Clone the repository.

Install the included conda environment with conda env create -f RREfinder.yml.

At this point you can already run RREFinder in precision mode. Use python RRE.py with -m precision or --mode precision to do so.

For exploratory mode, four more steps are necessary to use all functionalities of the HHSuite. These are accomplished by running the setup_RRE_exploratory.py script in the activated environment for installations using the conda script above. After running it, deactivate and reactivate the environment to make the changes have effect.

In detail:

  1. The environment variables HHLIB needs to be set and point towards the folder containing the HHSuite bin and scripts folder

  2. The scripts folder needs to be added to path

  3. The HHPaths.pm file in the scripts folder needs to be updated to point to the right binaries

  4. The databases need to be downloaded

Exploratory mode relies on the secondary structure predictions of HHSuite. Although the HHSuite is installed with Conda, the secondary structure prediction script is not, and not officially supported. It is required for exploratory mode however. It is downloaded along with the rest of the HHSuite package, and can be found in the environment scripts folder (Typically found under $CONDA_PREFIX/scripts).
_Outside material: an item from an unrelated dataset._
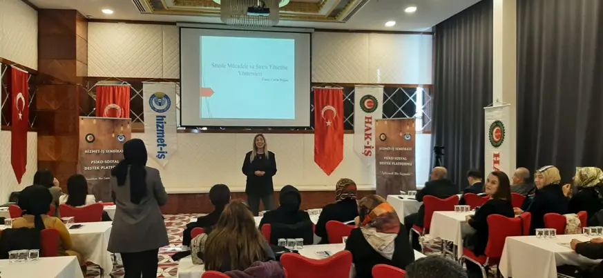 Hizmet İş Sendikası Genel Merkez Kadın Komitesi Başkanı Hatice Ayhan ve Kadın Komitesi yöneticileri, Hak İş Diyarbakır İl Temsilcisi Mehmet Aküzüm, Öz Gıda İş Sendikası Diyarbakır Şube Başkanı Hidayet Meşe, Hizmet İş Sendikası Diyarbakır Şube Başkanı Ercan Kahraman'ın da takip ettiği programda sendikanın Psiko Sosyal Platformu'na dağlı psikolojik destek uzmanları işten çıkarılanlarla bir araya geldi.

Running the script setup_RRE_exploratory.py will create shell files in the /etc/conda/activate.d and /etc/conda/deactivate.d folders that set and unset/reset the HHLIB and PATH variables. It will find the HHPaths.pm file and update it. And it will download the databases from the zenodo repository.

Note that the script is sort of trying to overcome the fact that the HHsuite scripts are not officially supported. It has not been tested in a wide variety of conda environments. Use at your own risk, and let me know if it can be improved.

Databases are downloaded using the download_RRE_databases.py script. The setup_RRE_exploratory.py script takes care of this. You can also download them manually from https://zenodo.org/record/3733240#.XoRkIUEzbCI. If doing manually, download all the files, except the folder with the seed sequences, and place them into the data/database folder within the downloaded repository.

If you prefer to perform steps 1-4 yourself (or if you prefer a manual installation), you can follow the steps below.

Manual install

  1. Make sure the following packages/programs are installed and in your path
  • HMMER version >= 3.3
  • PSIPRED version >= 4.01
  • python package Biopython version >= 1.76

RREFinder has not been tested for previous versions of these packages.

  1. Install the HHsuite version >= 3.3 (https://github.com/soedinglab/hh-suite)

  2. Make sure the following parameters are set (which is part of their recommended installation)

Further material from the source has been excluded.